Minimal edit scripts are not unique. For example a deletion followed by an insertion is often equivalent to the reverse. In general, edit_distance cannot guarantee which of a possible set of equivalent permutations will be output. The script may be collected and sorted using a custom script handler, if a particular ordering scheme is desired for an application.

The substitution operation is not necessary for computing an edit distance, as it is equivalent to a deletion followed by an insertion. Common applications of edit distance, e.g. the standard unix file diff, do not make use of subsitution.
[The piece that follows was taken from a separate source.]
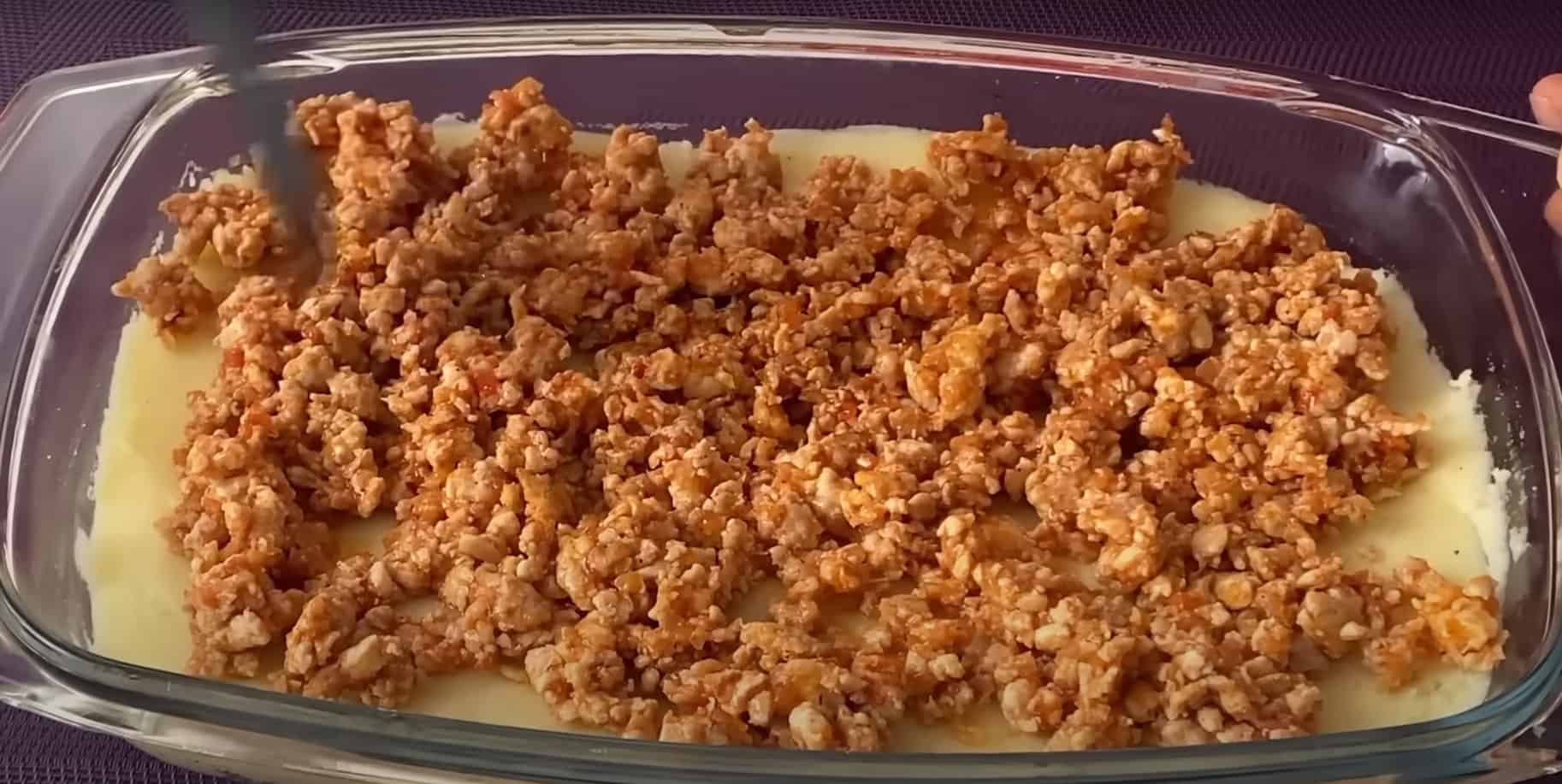 Форму для запікання змащуємо олією, ½ частину пюре викладаємо на дно і розподіляємо по поверхні. На шар із пюре кладемо обсмажений фарш, теж частину.

The Myers edit distance algorithm implicitly assumes no substitution. Therefore, substitution is not enabled by default in edit_distance.

Substitution is enabled or disabled via the _substitution named parameter. The function supports two modes of enable/disable: If the argument is passed a value of type bool (i.e. true, false or a bool variable), then substitution is enabled/disabled at run-time. However, if the argument is passed boost::false_type() or boost::true_type(), substitution is enabled or disabled at compile time. This is faster, as the boolean check is not present in the code. Compile-time disabled (the default) is the fastest of all, as no subsitution checking or code is ever compiled at all.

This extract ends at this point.